## WHAT YOU HAVE TO DO:
Beginning at the line that contains "- If you want", output each line exactly through the end of the records, and drop any pictures.

*** INPUT DATA ***

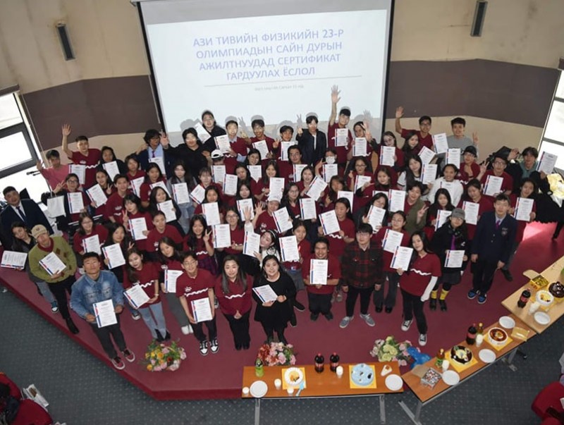 Азийн физикийн олимпиадад сайн дурын ажилтнаар ажиллахаар 340 хүүхэд бүртгүүлсэн. Тэднээс хэлний онооны шалгуураар 100 хүүхдийг сонгож олимпиадын туршид хамтран ажилласан юм. Өчигдөр тэдэнд сертификат гардууллаа.
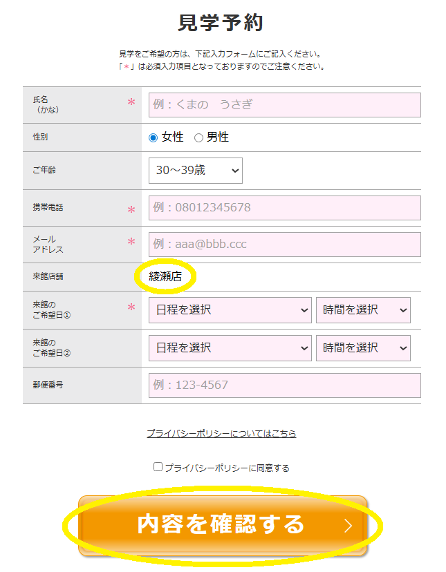 来館店舗は「綾瀬店」を選択し、必須入力項目、来館希望日を記入して「内容を確認する」をクリック(タップ)。入力内容に間違いがなければ送信し予約完了です。
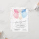 Celebre de um lado a outro com um chá virtual com balões simples, bonitos, rosa e azuis e confetti. Fácil de adicionar chá virtual | chá de fraldas por correio e informações sobre onde enviar presentes para a mãe. Todo o texto pode ser facilmente alterado para ajustado dos detalhes da sua parte. Voltar tem um padrão de confete rosa e azul
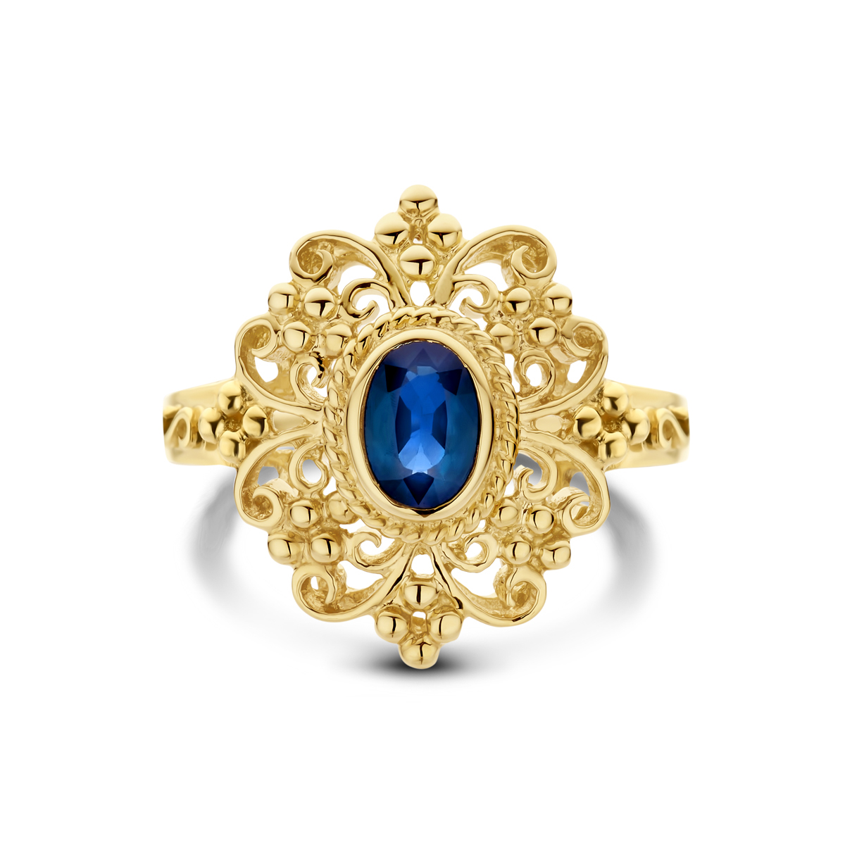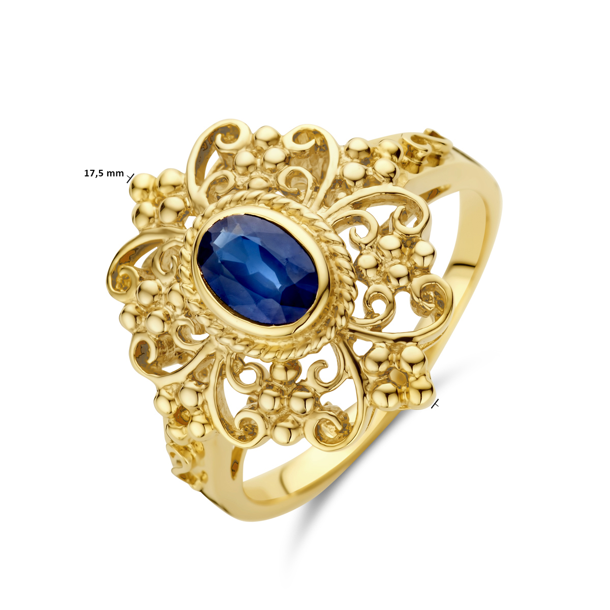 14k Geelgouden vintage ring uitgevoerd met saffier. De ring heeft een breedte van 17.5mm.
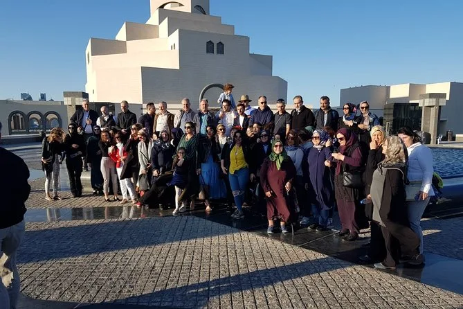 The tour visits Souq Waqif, State Grand Mosque, The Pearl-Qatar, Katara Cultural Village, Corniche waterfront, and National Museum of Qatar.
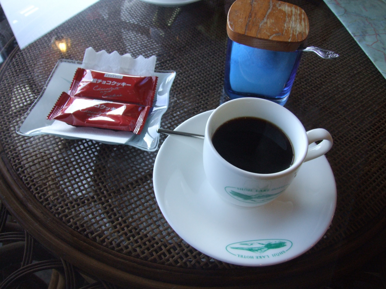 ロビーでウエルカムコーヒー、口数の少ない私には、余計なサービスでした。
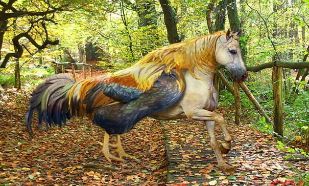 This is the hippalectryon, with the head and forequarters of a horse and the wings, tail, and hindquarters of a rooster.
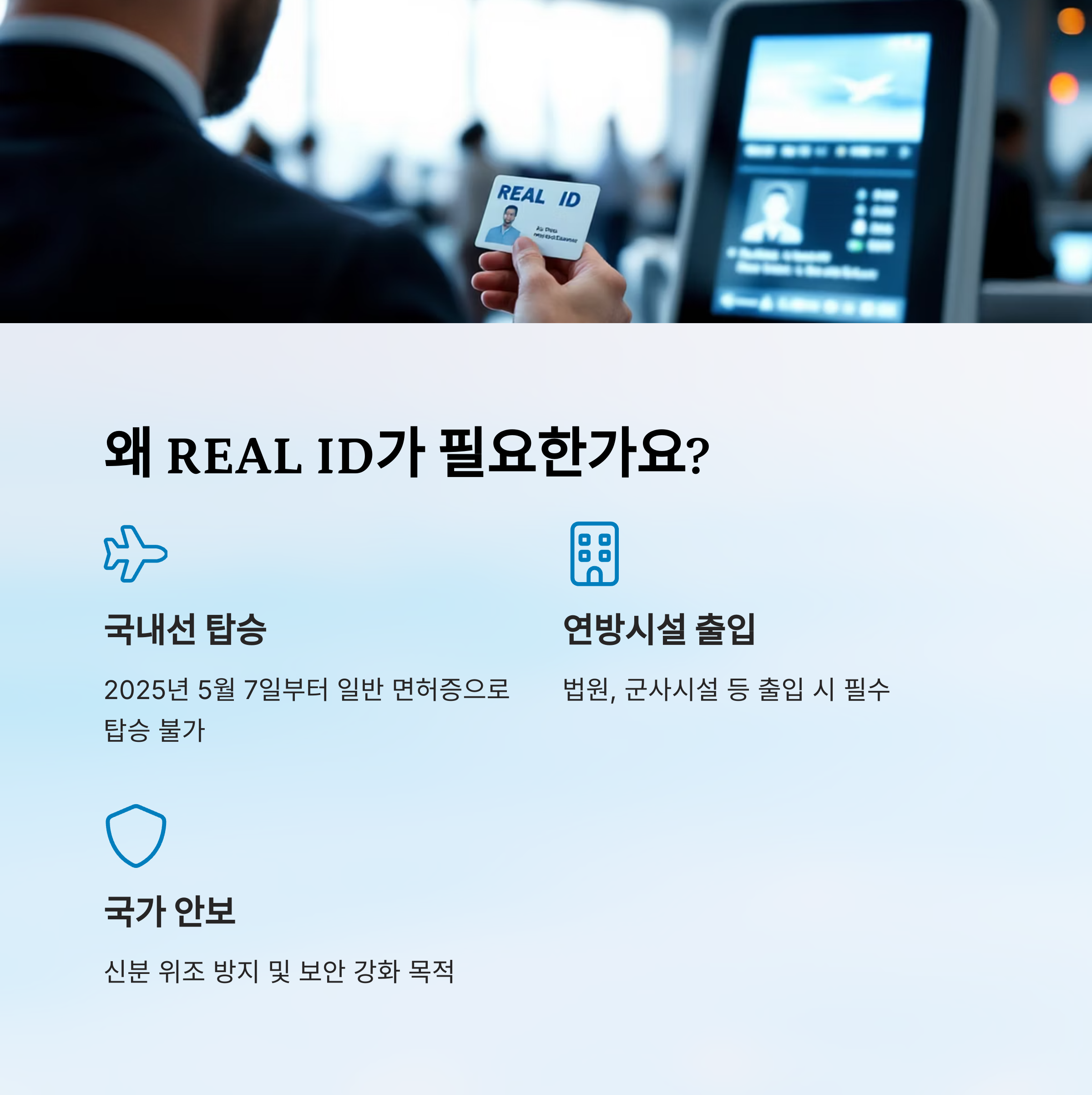 REAL ID는 미국 연방정부의 신분증 표준 규정으로, 2025년 5월 7일부터 국내선 비행기 탑승이나 연방시설 출입 시 반드시 필요해요. 유효한 여권이나 연방 승인 신분증이 없는 사람은 이 REAL ID를 반드시 신청해야 하죠.
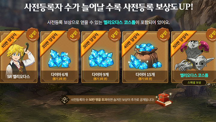 일곱 개의 대죄: 그랜드 크로스 사전예약 행사와 함께 달콤한 보상을 받을 수 있는 이벤트도 함께 진행중이다. 현재 사전 등록자 수 50만을 달성해 멜리오다스 코스튬 및 SR 멜리오다스, 다이아 30개를 받을 수 있다고 한다. 50만을 넘겼기에 숨겨진 보상도 받을 수 있을 예정이라고 한다. 또한 공식 카페에서 진행되는 이벤트를 참고해 추가 보상을 받을 수 있다고 하는데 사전예약 및 기타 자제한 사항은 이곳에서 확인할 수 있다.
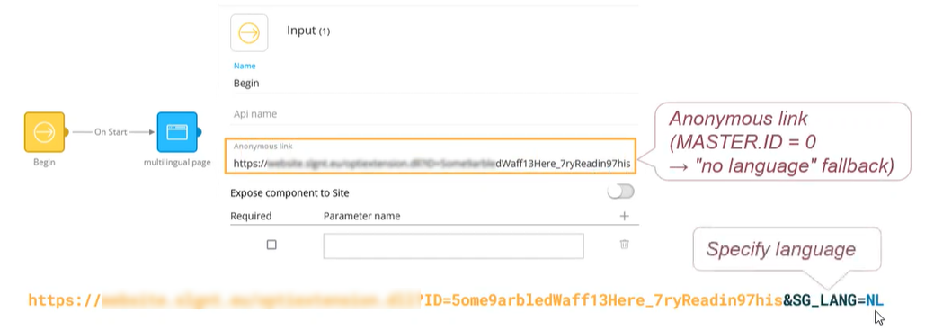 - If you want to test the translation for a different language than the fallback language, add the following parameters to the anonymous link: &SG_LANG=NL for dutch for example
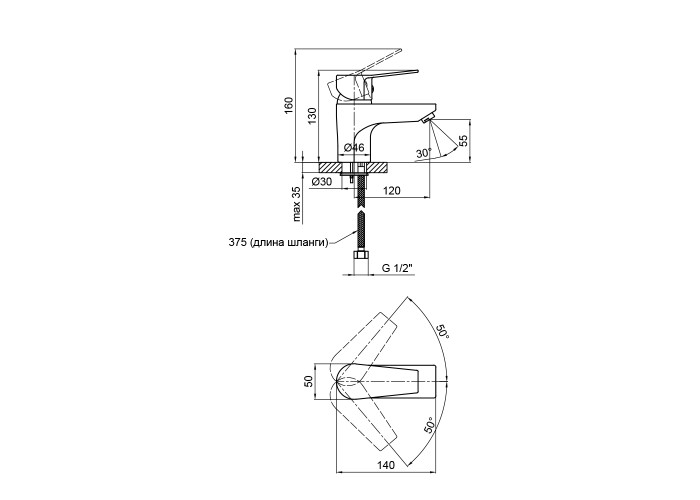 Смеситель, гибкая подводка, крепежи.

*** End of INPUT DATA ***

## SOLUTION TO THIS EXERCISE:
 - If you want to test the translation for a different language than the fallback language, add the following parameters to the anonymous link: &SG_LANG=NL for dutch for example
 Смеситель, гибкая подводка, крепежи.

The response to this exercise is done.